Does $(\mathbf A+\epsilon \mathbf I)^{-1}$ always exist? Why?

Question

Does $(\mathbf A+\epsilon \mathbf I)^{-1}$ always exist, given that $\mathbf A$ is a square and positive (and possibly singular) matrix and $\epsilon$ is a small positive number? I want to use this to regularize a sample covariance matrix ($\mathbf A = \Sigma$) in practice, so that I can compute the inverse, which I need to calculate a Mahalanobis distance between two samples. In practice, my covariance matrix is often singular. I know the term $(\mathbf A+\epsilon \mathbf I)^{-1}$ often appears in the context of least squares problems involving Tikhonov regularization (ridge regression). However, I've never seen a statement, proof, or reference which says that the expression is always invertible.

Can any of you help me with a proof or reference?

Answer 1

Recall that $\det(A-t I)=p_A(t)$ is the characteristic polynomial of $A$, which is a degree $N$ polynomial in $t$, where $N$ is the number of rows of $A$. Hence, it is a continuous function in $t$, and has at most $N$ roots, so there is some largest negative root $t_0$, or possibly no negative roots at all (in that case, choose $t_0=-1$ just for completeness). For all $0 < \epsilon < - t_0$, $p_A(-\epsilon)$ is nonzero, meaning that $\det(A+ \epsilon I) \ne 0$, so $A+\epsilon I$ is invertible.

EDIT: Corrected signs to agree with the question

Answer 2

To put it simple:

the set of invertible matrices is open in the normed space of all matrices.

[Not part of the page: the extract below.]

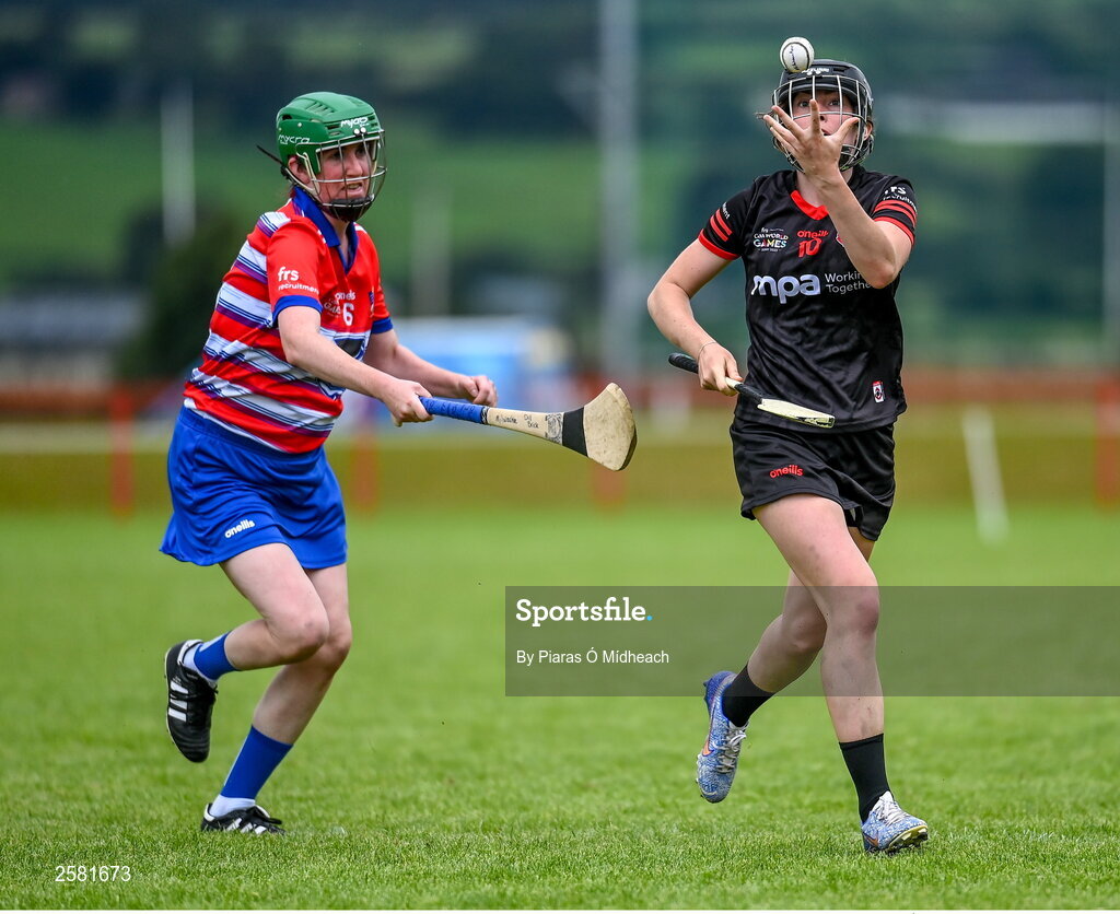 27 July 2023; Alanna Budden of Canada in action against Katrina Terry of USA Warriors during day four of the FRS Recruitment GAA World Games 2023 at the Owenbeg Centre of Excellence in Dungiven, Derry. Photo by Piaras Ó Mídheach/Sportsfile
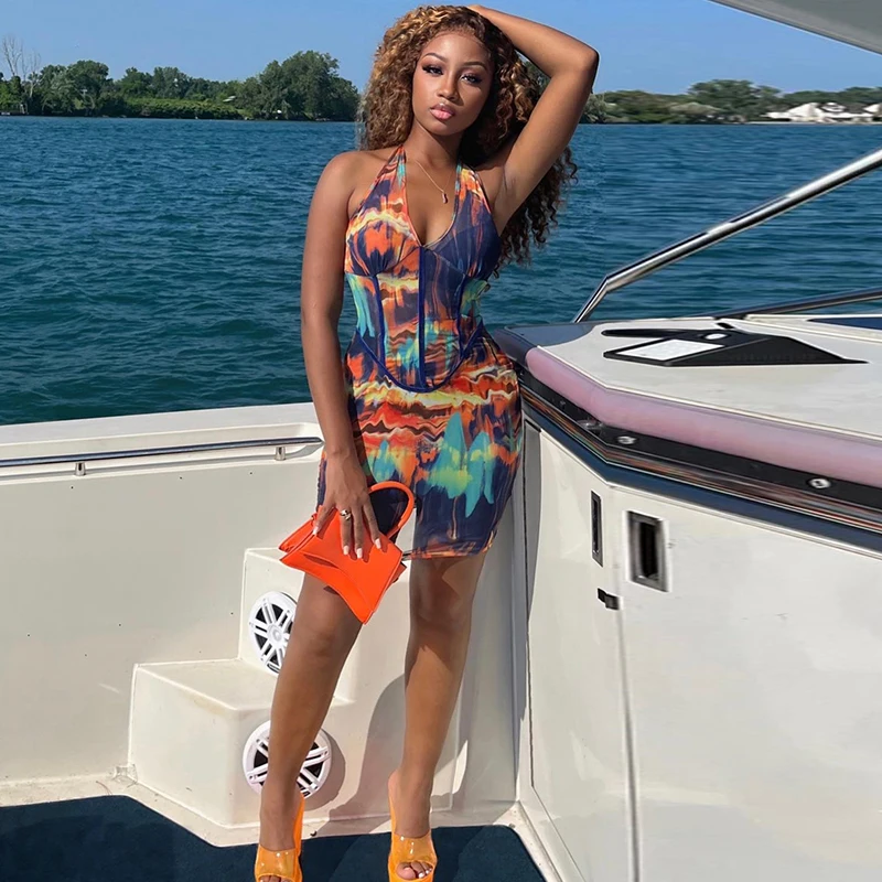 35818 Fashion Digital Print Dresses Holiday Street Wear Women Casual

Therefore if $A$ is invertible then $A+\epsilon I$ will also be invertible for small $\epsilon$.

Answer 3

Yes, if $\mathbf A$ is any $n \times n$ matrix, then $\mathbf A+\epsilon \mathbf I$ is invertible for sufficiently small $\epsilon > 0$. This is because $\det (\mathbf A + \epsilon \mathbf I)$ is a polynomial in $\epsilon$ of degree $n$, and so it has a finite number of zeroes.

Answer 4

Because the determinant function is continuous, and because $A$ is invertible if and only if $\det A \neq 0$, we have that $\det(A)\neq 0 \Rightarrow \det(A+\epsilon B)\neq 0$ for sufficiently small $\epsilon$, regardless of what $B$ is.

If $A$ is singular, then we note that the characteristic polynomial of $A$, given by $\operatorname{ch}_A(t)=\det(A-tI)$ is a polynomial in $t$, and therefore has finitely many roots. Then, whenever $\epsilon$ has absolute value less than the size of the smallest nonzero root $\det(A+\epsilon I)\neq 0$.

Answer 5

If $A$ is symmetric positive semidefinite, and $\epsilon > 0$, then $A + \epsilon I$ is symmetric positive definite (and hence invertible).

To see this, note that if $x \neq 0$ then \begin{align} x^T(A + \epsilon I) x &= x^T A x + \epsilon x^T x \\ &= x^T A x + \epsilon \|x\|^2 \\ & > 0. \end{align}